WORK INSTRUCTION: Given the records below, the lines starting at the line with "キッチンの引き出し収納にニト" and ending at the line with "Türk Yıldızları'nın Beyşehir" should be output exactly, both end lines kept and pictures left out.
· · · · · · ·
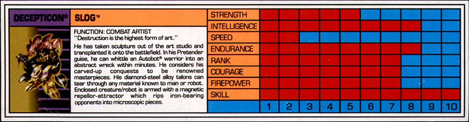 He has taken sculpture out of the art studio and transplanted it onto the battlefield. In his Pretender guise, he can whittle an Autobot warrior into an abstract wreck within minutes. He considers his carved-up conquests to be renowned masterpieces. His diamond-steel alloy talons can tear through any material known to man or robot. Enclosed creature/robot is armed with a magnetic repellor-attractor which rips iron-bearing opponents into microscopic pieces. | |||||||
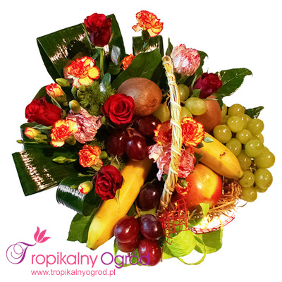 Zestawienie kwiatów i owoców to idealny prezent dla każdego. Podaruj piękno! Do bukietu dołączony jest bilecik z życzeniami. KOD 191
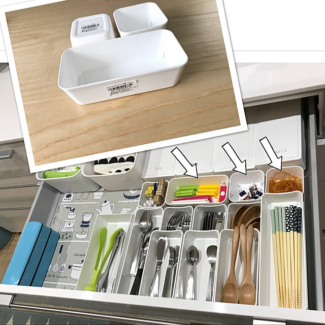 キッチンの引き出し収納にニトリの整理トレーを使ってます。一部、セリアのトレーも使ってます(^^)
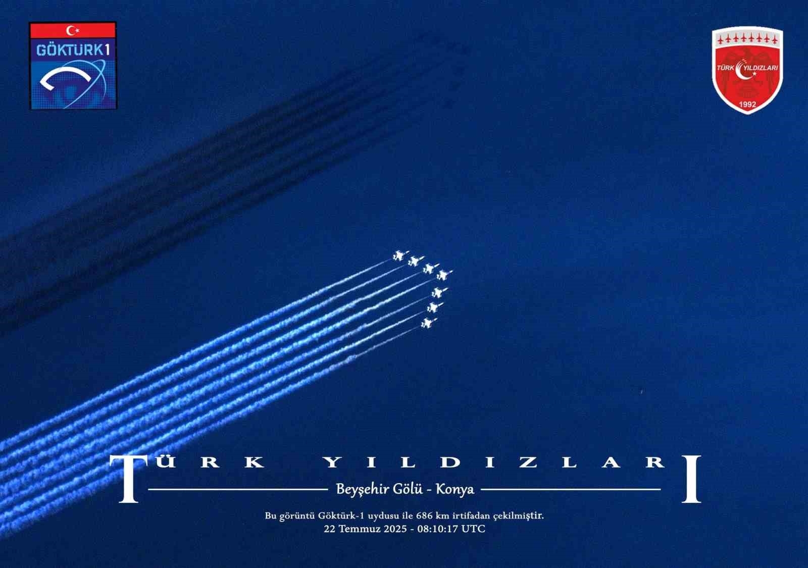 Türk Yıldızları'nın Beyşehir Gölü üzerinde 100 metre irtifada yaptığı uçuş Göktürk Uydusu tarafından fotoğraflandı. Türk Yıldızları tarafından yapılan sosyal medya paylaşımında, "Göktürk'ün gözünden. Beyşehir Gölü üzerinde 100 metre irtifada 740 km/saat hızla yaptığımız uçuş, 686 km yükseklikten 7,5 km/saniye hızla dönen uydumuz tarafından ölümsüzleştirildi" ifadelerini yer verildi.
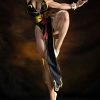 Measuring over 36” tall, Chun-Li stands ready for action, she is balanced gracefully on one foot, poised to deliver her fearsome hurricane kick. Wearing the elegant black dress of her alternate “Battle” look, this beautifully tailored garment is decorated with gold trim and hangs nearly to her feet. Her hair, usually pinned up in her trademark ox-horns, is worn down with a small braid over either ear. A pair of spiked white bracelets with a hammered gold belt fastened with an ornate knot and an understated pair of white ballet flats complete her evening-ready look.
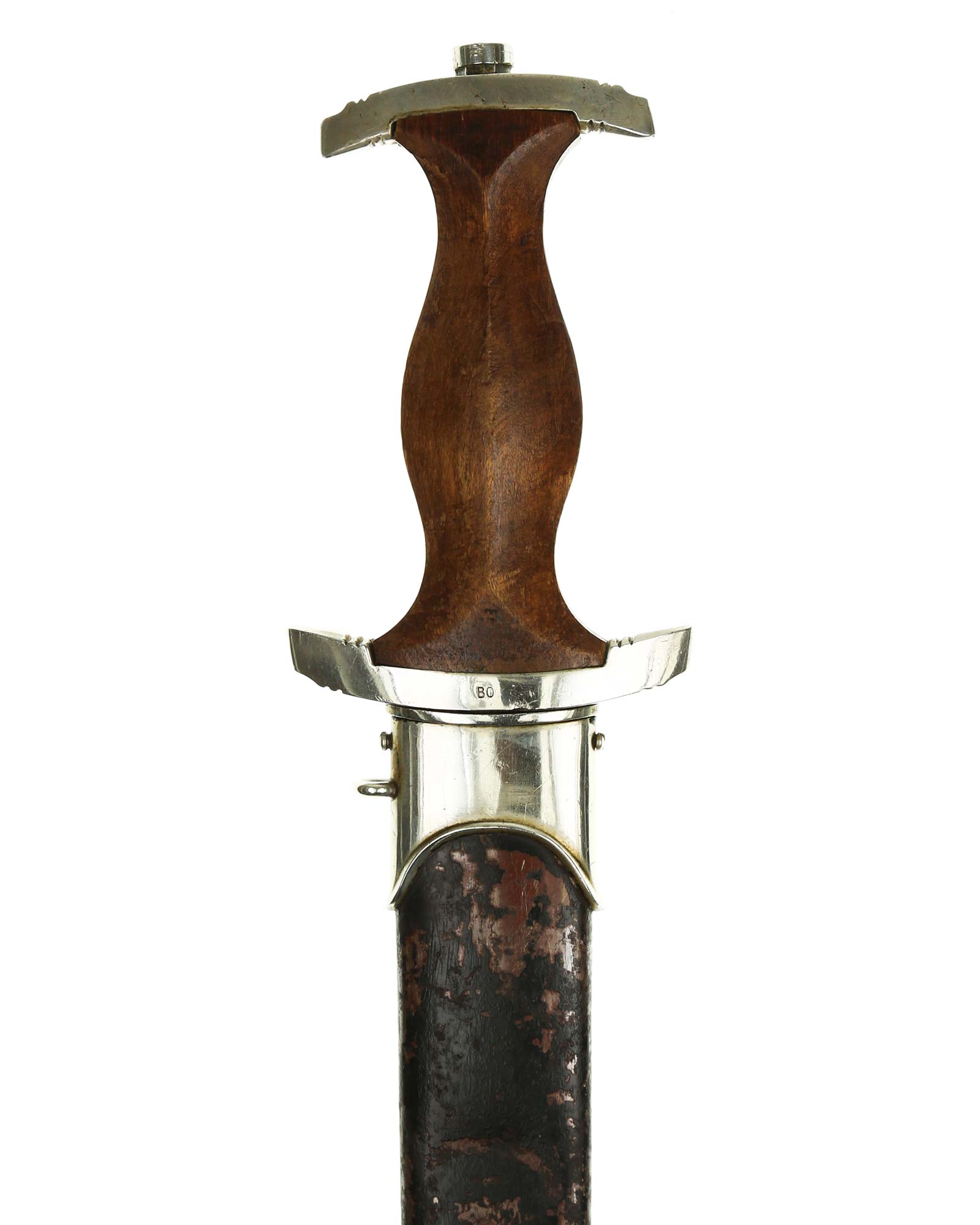 This SA [Sturmabteilung] Dagger in EXC+ condition. Model 1933. The total length is 37.2 cm. Early Nickel fittings, lower guard with "BO" stamp. The Dagger has the maker mark on the blade: Gottfried Müller Herges Vogtei.
· · · · · · ·
ANSWER TO THIS PROBLEM:
 キッチンの引き出し収納にニトリの整理トレーを使ってます。一部、セリアのトレーも使ってます(^^)
 Türk Yıldızları'nın Beyşehir Gölü üzerinde 100 metre irtifada yaptığı uçuş Göktürk Uydusu tarafından fotoğraflandı. Türk Yıldızları tarafından yapılan sosyal medya paylaşımında, "Göktürk'ün gözünden. Beyşehir Gölü üzerinde 100 metre irtifada 740 km/saat hızla yaptığımız uçuş, 686 km yükseklikten 7,5 km/saniye hızla dönen uydumuz tarafından ölümsüzleştirildi" ifadelerini yer verildi.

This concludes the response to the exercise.